Lebel Karina, Boissy Patrick, Nguyen Hung, Duval Christian
Faculty of Medicine and Health Sciences, Orthopedic service, department of surgery, Université de Sherbrooke, Sherbrooke, QC J1H 5N4, Canada.
Research Center on Aging, Sherbrooke, QC J1H 4C4, Canada.
Sensors (Basel). 2016 Jul 5;16(7):1037. doi: 10.3390/s16071037.
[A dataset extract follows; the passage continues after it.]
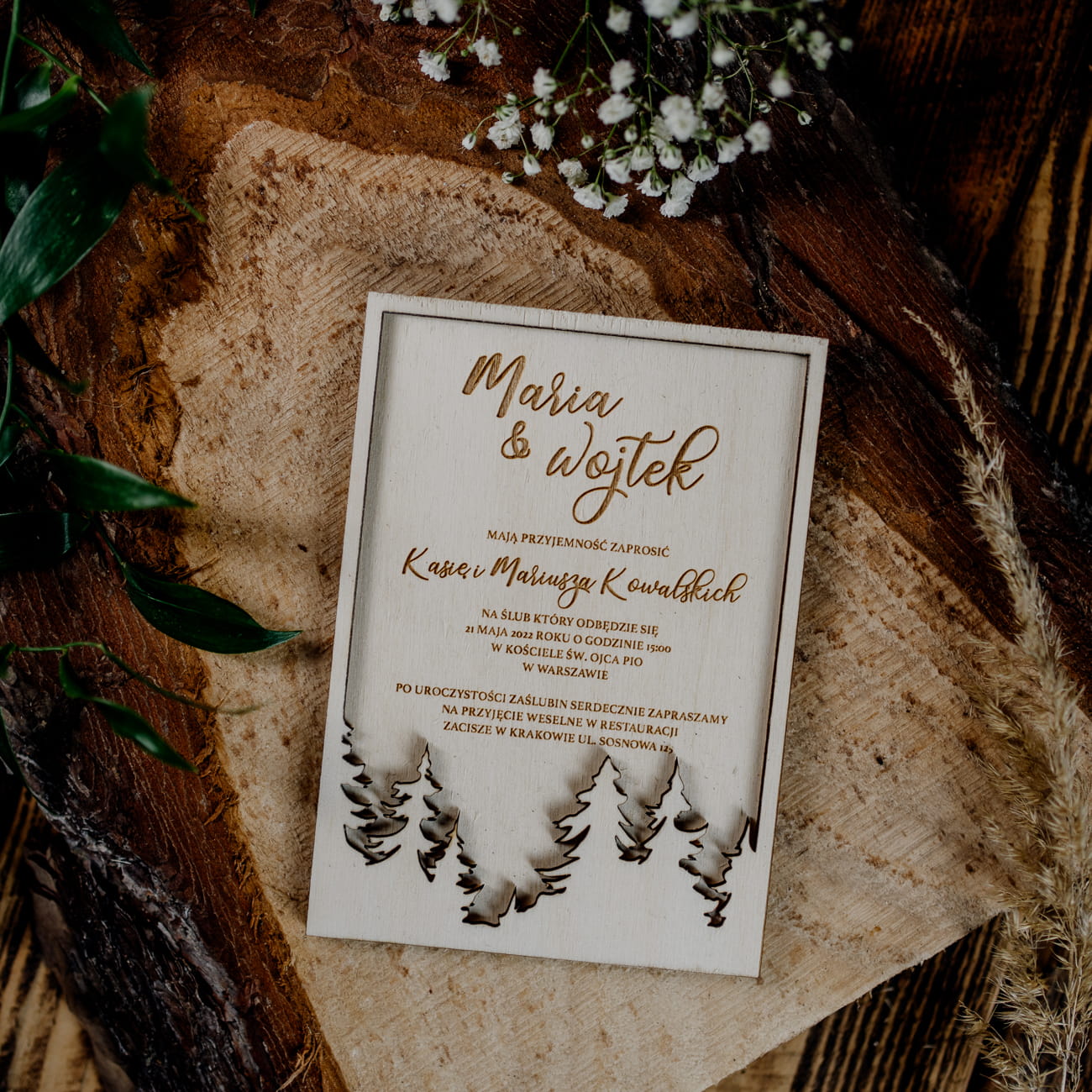 Drewniane personalizowane zaproszenia ślubne rustykalne wywołają zachwyt na twarzach przyszłych gości. Drewniane dekoracje wykonaliśmy z drewna, z piękną grafiką wypalaną laserem.

Clinical mobility assessment is traditionally performed in laboratories using complex and expensive equipment. The low accessibility to such equipment, combined with the emerging trend to assess mobility in a free-living environment, creates a need for body-worn sensors (e.g., inertial measurement units-IMUs) that are capable of measuring the complexity in motor performance using meaningful measurements, such as joint orientation. However, accuracy of joint orientation estimates using IMUs may be affected by environment, the joint tracked, type of motion performed and velocity. This study investigates a quality control (QC) process to assess the quality of orientation data based on features extracted from the raw inertial sensors' signals. Joint orientation (trunk, hip, knee, ankle) of twenty participants was acquired by an optical motion capture system and IMUs during a variety of tasks (sit, sit-to-stand transition, walking, turning) performed under varying conditions (speed, environment). An artificial neural network was used to classify good and bad sequences of joint orientation with a sensitivity and a specificity above 83%. This study confirms the possibility to perform QC on IMU joint orientation data based on raw signal features. This innovative QC approach may be of particular interest in a big data context, such as for remote-monitoring of patients' mobility.
传统上,临床活动能力评估是在实验室中使用复杂且昂贵的设备进行的。此类设备的可及性较低,再加上在自由生活环境中评估活动能力的新趋势,使得人们需要能够通过有意义的测量(如关节方位)来测量运动表现复杂性的可穿戴传感器(如惯性测量单元-IMU)。然而,使用IMU进行关节方位估计的准确性可能会受到环境、所跟踪的关节、所执行的运动类型和速度的影响。本研究探讨了一种质量控制(QC)流程,以基于从原始惯性传感器信号中提取的特征来评估方位数据的质量。在不同条件(速度、环境)下执行的各种任务(坐、从坐到站的转换、行走、转弯)过程中,通过光学运动捕捉系统和IMU获取了20名参与者的关节方位(躯干、髋部、膝盖、脚踝)。使用人工神经网络对关节方位的好坏序列进行分类,灵敏度和特异性均高于83%。本研究证实了基于原始信号特征对IMU关节方位数据进行质量控制的可能性。这种创新的质量控制方法在大数据背景下可能特别有意义,例如用于患者活动能力的远程监测。